Baselines. Our DMHP time&type uses both type and time information in the modeling. In our evaluation, we compare it with five baselines, DMHP time, DMHP type, Isolation Forest [19], Local Outlier Factor [14], and ADeMS [12]. DMHP time only uses time information as input, and DMHP type only uses activity type information. Hence, the comparison with these two baselines can be considered as an ablation study. Isolation Forest and Local Outlier Factor are two typical unsupervised anomaly detection methods. Isolation Forest detects anomalies based on the concept of isolation without employing distance or density metrics whereas Local Outlier Factor identifies anomalies by measuring the local deviation of a given data point with respect to its neighbors. ADeMS is a state-of-the-art streaming-based anomaly detection algorithm.
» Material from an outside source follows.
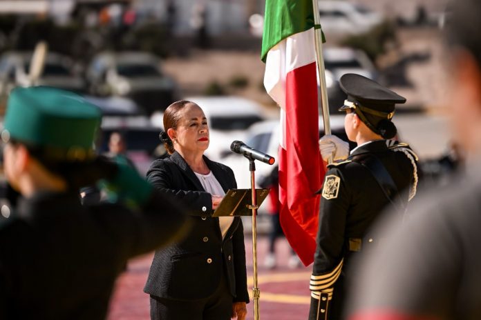 En representación de la gobernadora Maru Campos, la secretaria de Educación y Deporte, Sandra Elena Gutiérrez Fierro, destacó la importancia de promover, impulsar y preservar el fervor hacia los Símbolos Patrios, así como el amor al país.

ADeMS maintains a set of few orthogonal vectors to capture the prior from the historical non-anomalous data points and use a reconstruction error test to evaluate the anomaly of upcoming data. On the implementation, we use scikit-learn for Isolation Forest and Local Outlier Factor, and the GitHub implementation² for ADeMS. To build the inputs of Isolation Forest and Local Outlier Factor, we encode each activity by a vector with 43 dimensions, in which we adopt the one-hot vector to represent the 24 hours in a day as time information and 18 activity types as type information, while one dimension to indicate the time gap since the previous activity. For the baseline ADeMS, the input vector does not include the time gap information because including the time gap information would damage the performance in the CERT dataset, based on our experiments.

Training & Testing. The activities in the first 1.5 months are used to train the proposed model and baselines. We think the dynamic models would stabilize after training with activities of the first 1.5 months. All the rest activities (16.5 months) are employed for evaluation. In all models, we also treat all WWW_visit activities as normal as WWW_visit activities trivially contribute to the insider threat detection.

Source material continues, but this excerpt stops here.